Number of Participants With Treatment-Related Adverse Events Among Whom Received Concomitant CYP2D6 Inhibitors	12 Weeks	Cytochrome P450 2D6 (CYP2D6) inhibitors included quinidine and paroxetine. A treatment-related adverse event was any untoward medical occurrence attributed to fesoterodine fumarate in a participant who received fesoterodine fumarate. Relatedness to fesoterodine fumarate was assessed by the investigator.
Number of Participants With Treatment-Related Serious Adverse Events	12 Weeks	A treatment-related adverse event was any untoward medical occurrence attributed to fesoterodine fumarate in a participant who received fesoterodine fumarate. A treatment-related serious adverse event was a treatment-related adverse event resulting in any of the following outcomes or deemed significant for any other reason: death; initial or prolonged inpatient hospitalization; lifethreatening experience (immediate risk of dying); persistent or significant disability/incapacity; congenital anomaly. Relatedness to fesoterodine fumarate was assessed by the investigator.

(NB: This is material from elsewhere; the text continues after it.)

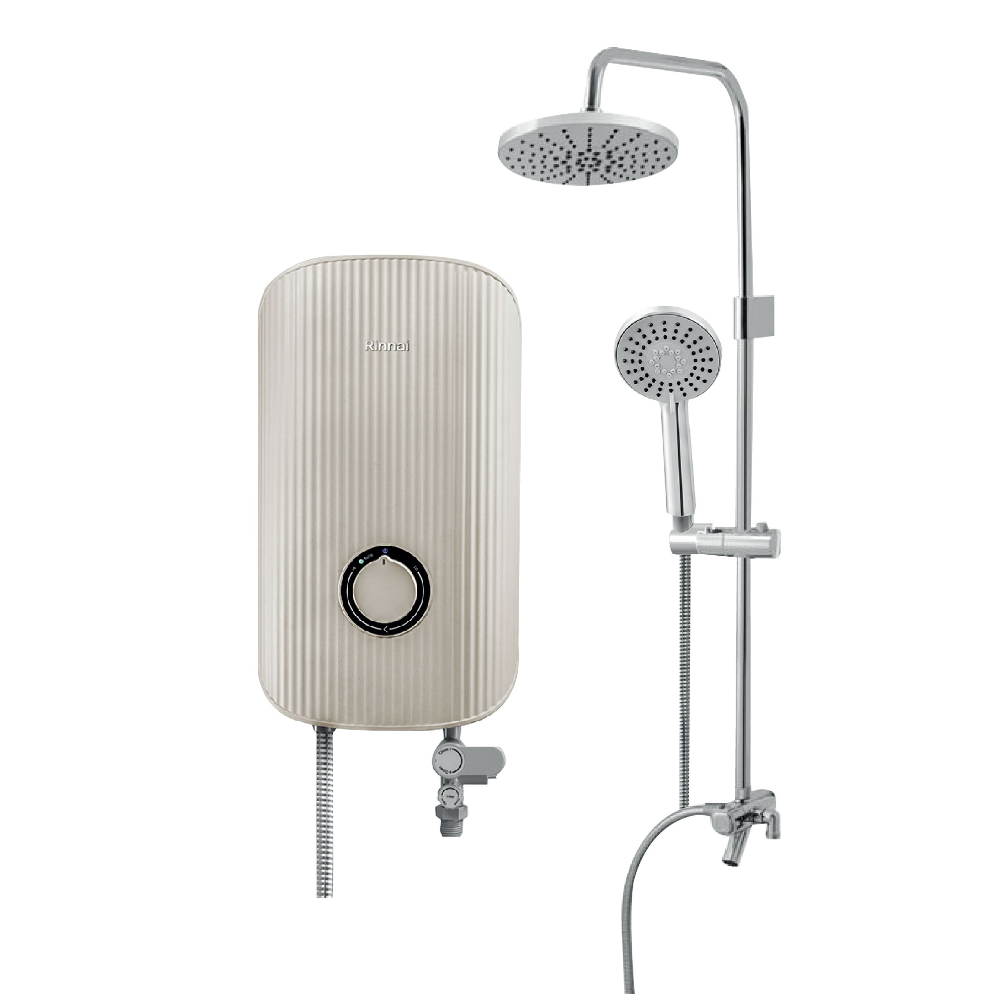 Rinnai Sen Electric Water Heater No Pump - Hand Shower REI-E380NP-C-BG (Sandy Beach) Rain Shower Accessory - RRS-C2XX Key Features: Extra Large Rainshower Head (8 inches) Extra Water Fau...

Number of Participants With Treatment-Related Adverse Events Among Whom Received Concomitant CYP3A4 Inhibitors	12 Weeks	Cytochrome P450 3A4 (CYP3A4) inhibitors included atazanavir, clarithromycin, indinavir, itraconazole, nelfinavir, ritonavir, saquinavir, and telithromycin.
Number of Participants With Adverse Events Related to Cognitive Function Disorder	12 Weeks	An adverse event was any untoward medical occurrence in a participant who received fesoterodine fumarate without regard to possibility of causal relationship. Adverse events related to cognitive function disorder were identified by broad searches on the Standard MedDRA Queries (SMQ).
Change From Baseline in the Mini-Mental State Examination (MMSE) Score at 12 Weeks	Baseline, 12 Weeks	Mini-Mental State Examination (MMSE) measured general cognitive functioning: orientation, memory, attention, concentration, naming, repetition, comprehension, and ability to create a sentence and to copy two intersecting polygons. Total score derived from sub-scores; total ranged from 0 to 30, higher score indicates better cognitive state. Mean change from baseline in the MMSE score at 12 weeks was presented along with the corresponding standard deviation.